Department of Neurology, Ewha Womans University, School of Medicine, Seoul, Korea.
Hum Mutat. 2012 Nov;33(11):1610-5. doi: 10.1002/humu.22143. Epub 2012 Jul 5.
Charcot-Marie-Tooth disease (CMT) is one of the most common inherited neuropathies and is a genetically and clinically heterogeneous disorder with variable inheritance modes. As several molecules have been reported to have therapeutic effects on CMT, depending on the underlying genetic causes, exact genetic diagnostics have become very important for executing personalized therapy. Whole-exome sequencing has recently been introduced as an available method to identify rare or novel genetic defects from genetic disorders. Particularly, CMT is a model disease to apply exome sequencing because more than 50 genes (loci) are involved in its development with weak genotype-phenotype correlation. This study performed the exome sequencing in 25 unrelated CMT patients who revealed neither 17p12 duplication/deletion nor several major CMT genes. This study identified eight causative heterozygous mutations (32%). This detection rate seems rather high because each sample was tested before the study for major genetic causes. Therefore, this study suggests that the exome sequencing can be a highly exact, rapid, and economical molecular diagnostic tool for CMT patients who are tested for major genetic causes.

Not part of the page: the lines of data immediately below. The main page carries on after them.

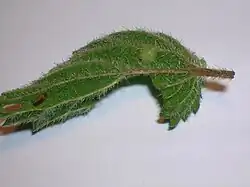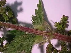 The nettle pouch gall develops in leaf veins, leaf petioles, flower stalks and sometimes the stem of Urtica dioica (and less commonly Urtica urens). This structure is caused by the gall midge Dasineura urticae,[1] sometimes misspelled Dasyneura urticae.[2] Obsolete synonyms are Perrisia urticae and Cecidomyia urticae.[3]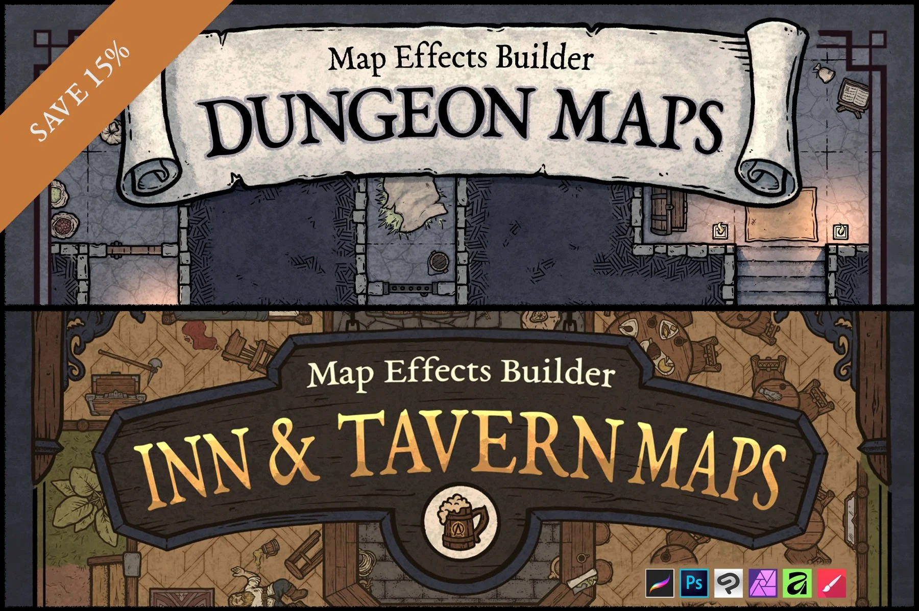 Double your RPG mapping arsenal and SAVE with the Dungeon & Inn Map Builder Bundle; seamlessly combining two interior map builders, giving you over 850 hand-illustrated features.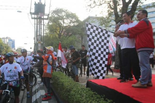 Semarang - Gowes Pesona Nusantara (GPN) 2017 Semarang yang menamakan diri Etape Tugu Muda, sukses digelar. Pejabat daerah hingga masyarakat kota lumpia itu tumplek dalam kebersamaan, Minggu (3/9).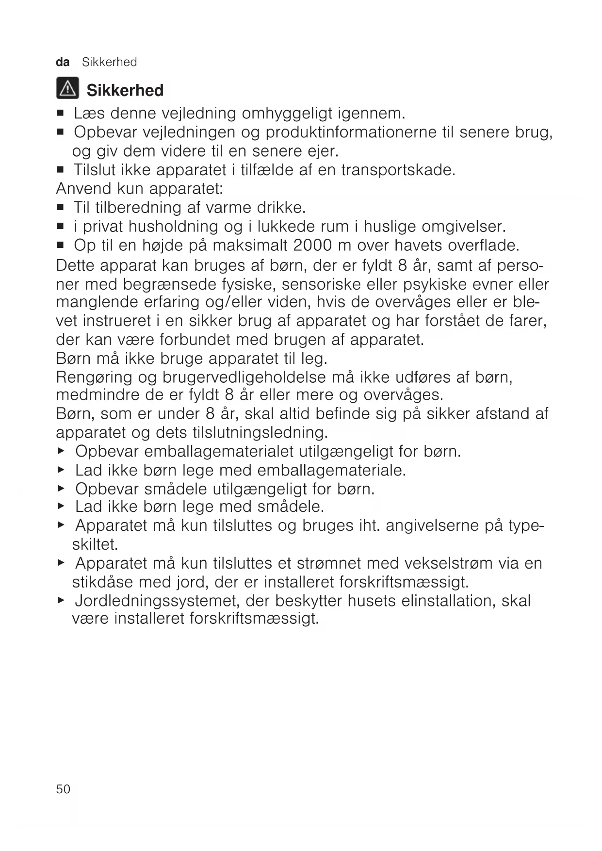 Sikkerhed ¡ Læs denne vejledning omhyggeligt igennem. ¡ Opbevar vejledningen og produktinformationerne til senere brug, og giv dem videre til en senere ejer. ¡ Tilslut ikke apparatet i tilfælde af en transportskade. Anvend kun apparatet: ¡ Til tilberedning af varme drikke. ¡ i privat husholdning og i lukkede rum i huslige omgivelser. ¡ Op til en højde på maksimalt 2000m over havets overflade. Dette apparat kan bruges af børn, der er fyldt 8 år, samt af perso- ner med begrænsede fysiske, sensoriske eller psykiske evner eller manglende erfaring og/eller viden, hvis de overvåges eller er ble- vet instrueret i en sikker brug af apparatet og har forstået de farer, der kan være forbundet med brugen af apparatet. Børn må ikke bruge apparatet til leg. Rengøring og brugervedligeholdelse må ikke udføres af børn, medmindre de er fyldt 8 år eller mere og overvåges. Børn, som er under 8 år, skal altid befinde sig på sikker afstand af apparatet og dets tilslutningsledning. ▶ Opbevar emballagematerialet utilgængeligt for børn. ▶ Lad ikke børn lege med emballagemateriale. ▶ Opbevar smådele utilgængeligt for børn. ▶ Lad ikke børn lege med smådele. ▶ Apparatet må kun tilsluttes og bruges iht. angivelserne på type- skiltet. ▶ Apparatet må kun tilsluttes et strømnet med vekselstrøm via en stikdåse med jord, der er installeret forskriftsmæssigt. ▶ Jordledningssystemet, der beskytter husets elinstallation, skal være installeret forskriftsmæssigt.Sikkerhed da Trykt på 100 % genbrugspapir 51 ▶ I Danmark er apparatet kun godkendt til brug i forbindelse med en stikkontakt type E. ▶ Hvis der kun findes en stikkontakt af type K på tilslutningsstedet, skal apparatet tilsluttes med en egnet adapter. Kun på den måde er apparatet jordet korrekt. Denne adapter (reservedels-nr. 00623333) kan købes hos kundeservice. ▶ Brug aldrig et beskadiget apparat. ▶ Brug aldrig et apparat med revnet eller ødelagt overflade. ▶ Træk aldrig i nettilslutningsledningen for at afbryde apparatets forbindelse til strømnettet. Tag altid fat i nettilslutningsledningens netstik, og træk det ud. ▶ Hvis apparatet eller nettilslutningsledningen er beskadiget, så træk straks nettilslutningsledningens netstik ud, eller slå sikrin- gen fra i sikringsskabet. ▶ Kontakt kundeservice. ▶ Kun fagpersonale, der er uddannet til det, må udføre reparatio- ner på apparatet. ▶ Der må kun anvendes originale reservedele til reparation af ap- paratet. ▶ Hvis nettilslutningsledningen til apparatet bliver beskadiget, skal den udskiftes af producenten, producentens kundeservice eller en lignende kvalificeret person for at undgå, at der opstår fare. ▶ Dyp aldrig apparatet eller nettilslutningsledningen i vand. ▶ Der må ikke løbe væske over på apparatets stikforbindelse.da Oversigt 52 Trykt på 100 % genbrugspapir ▶ Anvend kun apparatet i lukkede rum. ▶ Udsæt aldrig apparatet for ekstrem varme og fugt. ▶ Brug ikke damprenser eller højtryksrenser til at rengøre appara- tet. ▶ Sørg for tilstrækkelig ventilation af maskinen. ▶ Brug aldrig maskinen i et skab. ▶ Hold altid øje med apparatet, når det er i brug. ▶ Brug ikke forlængerledning eller multistikdåser. ▶ Hvis nettilslutningsledningen er for kort, så kontakt kundeservice. ▶ Brug kun adaptere godkendt af producenten. ▶ Åbn aldrig bryggesystemet under brug. ▶ Brug kun de originale Tassimo TDISC'e. ▶ Brug aldrig en beskadiget T DISC. ▶ Brug aldrig en drik-T DISC flere gange. ▶ Berør aldrig de varme apparatdele. ▶ Lad de varme apparatdele køle af efter brug, før de berøres. ▶ Lad om nødvendigt drikkene køle af. ▶ Undgå hudkontakt med væsker og dampe, der kommer ud. ▶ Anvend kun apparatet i overensstemmelse med dets bestem- melsesmæssige brug for at undgå skader. ▶ Pas på fingrene ved håndtering og rengøring af T DISC. ▶ Personer med elektroniske implantater skal overholde en mini- mumsafstand på 10cm til apparatet. ▶ Overhold også minimumsafstanden på 10 cm til vandbehol- deren, der er taget af. ▶ Følg anvisningerne om hygiejne med hensyn til apparatet. Oversigt Her kan du finde en oversigt over appara- tets bestanddele. Bemærk:Alt efter apparatets type kan der være afvigelser i farve og andre detaljer.

腓骨肌萎缩症(CMT)是最常见的遗传性周围神经病之一,是一种遗传和临床异质性疾病,具有不同的遗传模式。由于已有几种分子被报道对 CMT 具有治疗作用,具体取决于潜在的遗传原因,因此明确的遗传诊断对于执行个体化治疗变得非常重要。外显子组测序最近已被引入作为一种从遗传疾病中识别罕见或新的遗传缺陷的可用方法。特别是 CMT 是应用外显子组测序的模型疾病,因为有 50 多个基因(基因座)参与其发展,其基因型与表型相关性较弱。本研究对 25 名无 17p12 重复/缺失且无几种主要 CMT 基因的无关 CMT 患者进行了外显子组测序。本研究鉴定出 8 个致病性杂合突变(32%)。由于在研究前每个样本均针对主要遗传原因进行了检测,因此该检测率似乎相当高。因此,本研究表明,外显子组测序可以作为一种高度准确、快速且经济的分子诊断工具,用于检测主要遗传原因的 CMT 患者。